The invention is intended for use in environments where a program module operates by receiving messages, events or calls (collectively called “callbacks”), performs some processing in response to the callbacks, and then returns control to the outside of the program module. Such program modules are ubiquitous in network server applications, in which a typical example of such a program module is the part of a network server that processes received requests and sends replies. Another example is object-oriented programming wherein a class may be such a module. When class methods are called, they perform some processing, and then return control to the outside of the class. Yet another example is a graphical user interface where the program typically has an event loop that receives messages (such as mouse clicks) from the user, and calls appropriate handler functions that process the message and then return control to the event loop. A characteristic feature of such modules is that they receive program control flow from outside the module, perform some processing (possibly temporarily passing control to the outside of the module via a function call, but receiving the control back immediately when the function returns), and then return control to the outside of the module without knowing when (if ever) the module will again receive control.
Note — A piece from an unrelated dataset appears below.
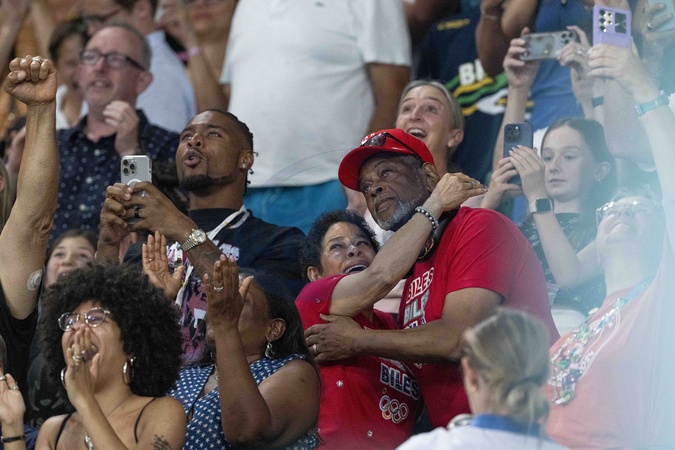 Simone Biles przed swoim towarzyszem Jonathanem Owensem oraz jej rodzicami Nellie Biles i Ronaldem Bilesem podczas zawodów gimnastyki artystycznej kobiet, wszechstronnego finału podczas Igrzysk Olimpijskich w Paryżu w 2024 r.

FIGS. 1 and 2 illustrate the concepts of top-down and bottom-up programming, respectively. The left-hand side of FIG. 1 illustrates the basic steps of top-down programming. This paradigm is intuitively familiar to people with little or no programming experience. In this paradigm, the programmer has the feeling of having complete control of the program and the hardware resources of the computer. Unfortunately, the top-down programming paradigm shown in FIG. 1 is not suitable for multi-tasking environments when asynchronous operations are needed. An asynchronous operation is an operation whose duration is not controllable or predictable by the programmer. Examples of asynchronous operations include the completion of a hardware operation, the arrival of a network message, and user input (such as mouse clicks and keystrokes). If the program must wait for an asynchronous operation to complete, all parallel processes are stalled. This is why in a multi-tasking environment, programmers must resort to another programming paradigm shown in FIG. 2, namely bottom-up or event-driven programming. In this paradigm, an application program AP cannot be written as a simple flowchart like the one shown in FIG. 1. Instead, the application program AP must communicate with the underlying operating system OS by means of event handlers. In the scenario shown in FIG. 2, the operating system OS gives only intermittent control to the application program AP via an event handler EH1, which performs a function call FC1. Function call FC1 in turn performs other function calls through FCn, until an asynchronous operation AO is reached. The branch beginning with event handler EH1 is unwound, which means that the program stack frames relating to the branch no longer exist and cannot be used for preserving state information concerning that branch. When the asynchronous operation AO is completed, the operating system OS again passes control to the application program AP, this time via another event handler EH2.
The application program may also call the operating system from the branches, but such calls must return quickly, because otherwise the application cannot process other messages or incoming connections. This means that incoming data packets or user input may be lost, for example. Modal dialogs try to get around this problem by using their own event loops that poll messages from the operating system and dispatch them. For various technical reasons, this is not a widely used solution in network server applications. Some applications use multiple threads to process messages, whereby they can process several messages simultaneously, but each thread still exhibits similar control flow behavior as if there was only one thread.
Thus, in a bottom-up programming environment, an application program or module does not control the overall execution. The program or module only sees the branches that reach it from the operating system. A problem is that an application programmer has no control over the trunk (the operating system) from which the branches leave. Apart from the fact that different programmers or system users may install different modules and change certain system settings, the operating system cannot be chosen or modified by the programmer. In other words, the operating system is essentially unmodifiable by the programmer. However, experience has shown that people understand programs much more easily if they can view the part of the program they are working on as the trunk, and have execution branches leaving from the trunk and returning to it.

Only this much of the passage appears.